Beaucoup de chantiers, peu de résultats

Mais à bien y regarder, aucun des projets de l’ère Eremenko n’a encore vraiment abouti. « Jusqu’à présent nous avons vu de belles vidéos et brochures marketing mais concrètement où en est-on aujourd’hui ?, s’interroge le syndicat FO. L’annonce du partenariat avec Rolls-Royce et Siemens au sujet de l’E-Fan X [démonstrateur d’avion hybride] est une bonne chose mais pour le reste, quels sont les livrables relatifs à tous ces projets ? Quid de la feuille de route de cette nouvelle stratégie d’innovation qui a désarçonné une partie des managers, salariés et chercheurs traditionnels d’Airbus ? »

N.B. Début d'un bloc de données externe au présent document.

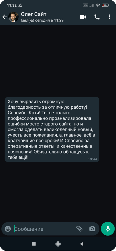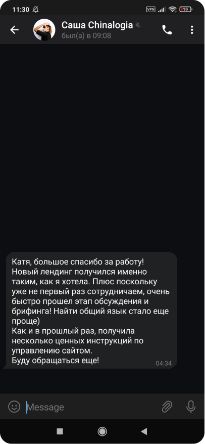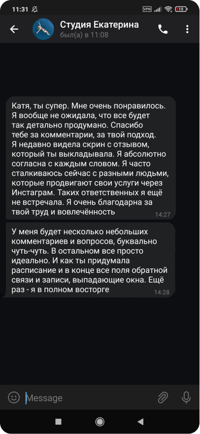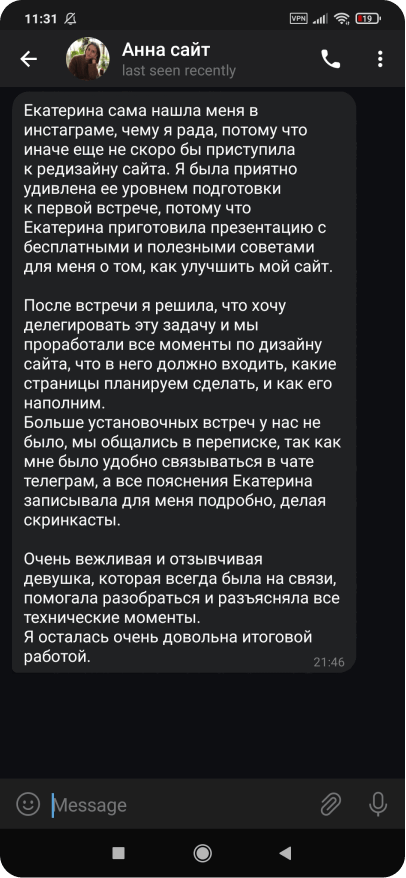 Опыт работы администратором помог мне научиться находить подход в общении к разным людям и теперь я легко выстраиваю коммуникацию с клиентами.
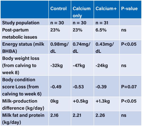 The findings of this study show that while a calcium only supplement does perform better than control in terms of milk production and milk BHBA, the calcium+ group delivered the best performance across the board. This result may indicate that while calcium is clearly an important factor, there may be merit in offering a broader spectrum transition cow supplement at calving to address the additional nutritional needs of these cows.
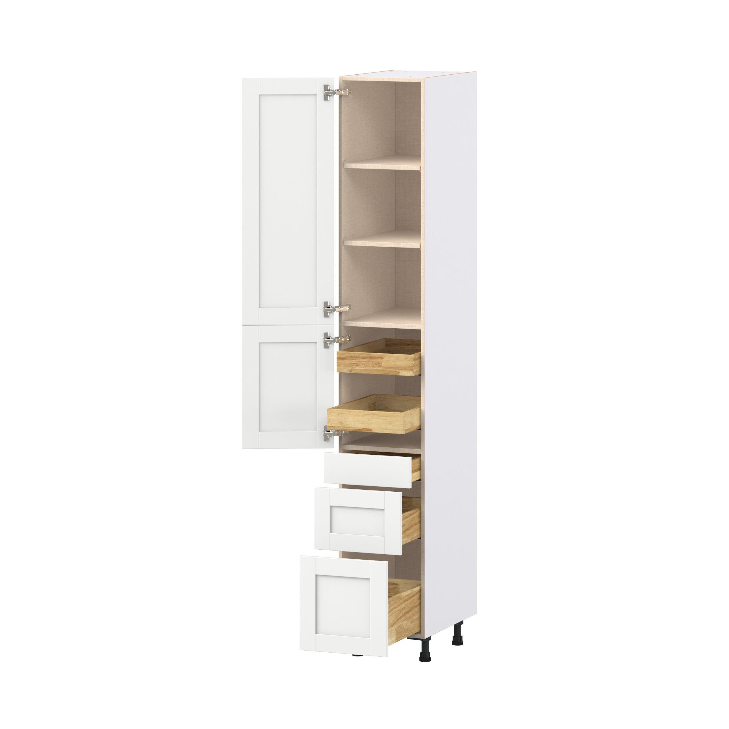 Enhance your home with the timeless beauty of Summerhill classic shaker cabinets, available in fresh bright white and neutral light gray colors. Crafted from one-piece MDF Studio Design Collection Summerhill 15 in. Bright White Door and Drawer Pantry Cabinet with Inner Pull-Out is designed to resist hairline cracks while the easy-to-clean finish stands up to stains and moisture. Featuring 5-piece doors and dovetail drawer joints, these cabinets offer durability and elegance. This collection combines style with everyday storage solutions.
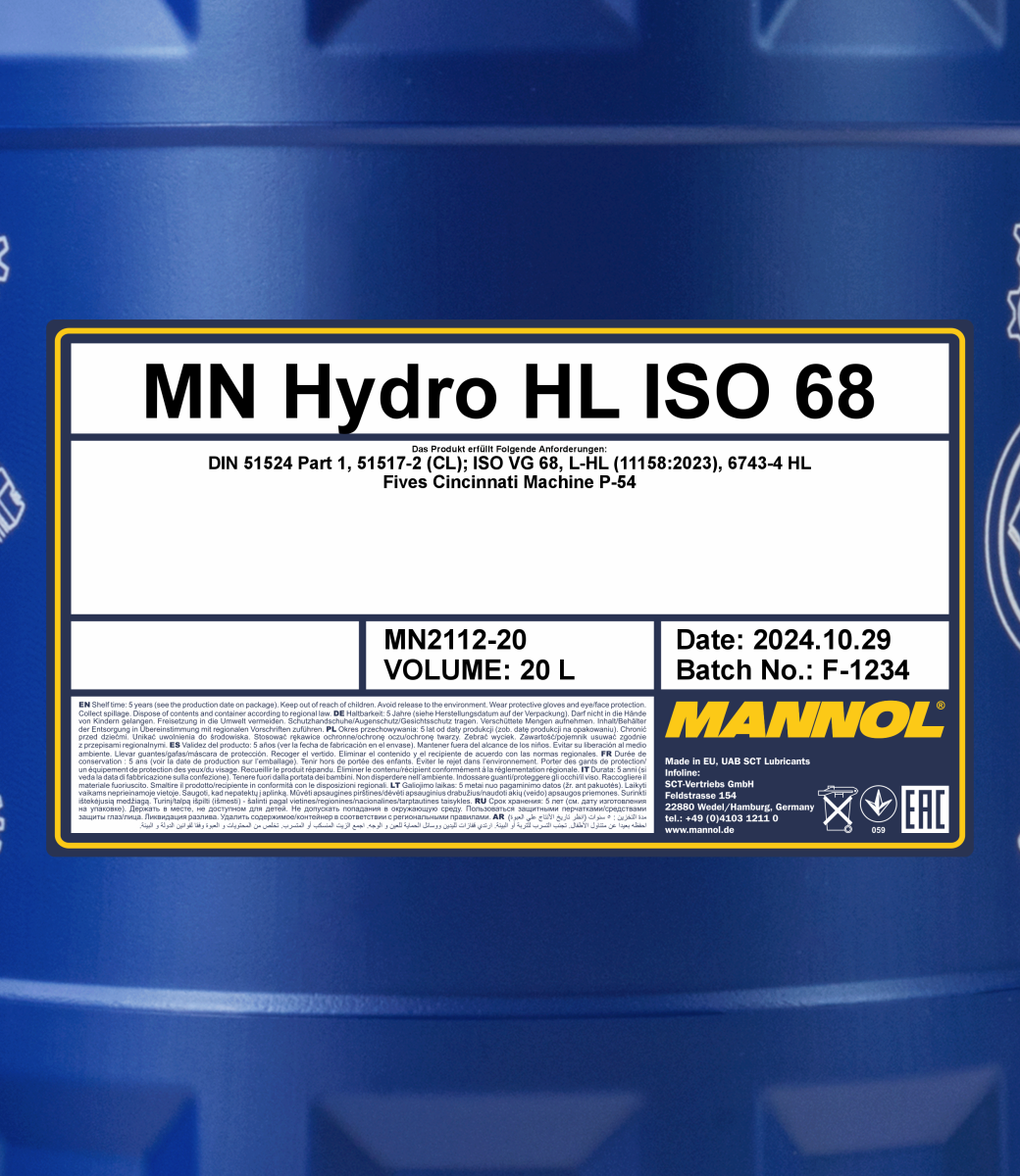 MANNOL Hydro ISO 68 is a medium viscosity mineral hydraulic oil designed for hydraulic equipment of stationary and mobile machinery operating at standard and high operating temperatures. Developed to meet the requirements of industrial hydraulic systems operating at high loads, pressures, temperatures and/or speeds.

Un prototype de Vahana doit voler d’ici à la fin de l’année, mais Airbus a été devancé par les start-up allemandes Lilium et Volocopter, dont les engins sont testés en vol depuis plusieurs mois. Le projet Voom n’a été lancé qu’à Sao Paulo. Certes, Eremenko n’était là que depuis moins de 18 mois. Mais son rôle était justement d’accélérer les cycles d’innovation au sein du groupe, en y imposant une culture plus proche de celle des start-up. « Dans la destruction créatrice qui nous était promise, on a bien vu la destruction, pas vraiment la création », résume un syndicaliste.

Erreur de casting ?

Le choix de Paul Eremenko relève-t-il de l’erreur de casting ? Force est de constater que le manager américain n’est jamais resté en poste très longtemps : un an à la Darpa, un an chez Motorola, deux ans chez Google. De même, il est difficile d’identifier les projets qu’il a menés à bien. Le projet Ara de téléphone modulaire, sur lequel il travaillait chez Motorola puis Google, a été arrêté fin 2016. Et le projet 100 Year Starship, qu’il avait géré à la Darpa, avait été vertement critiqué par des parlementaires américains, pour un coût jugé excessif et un intérêt jugé limité.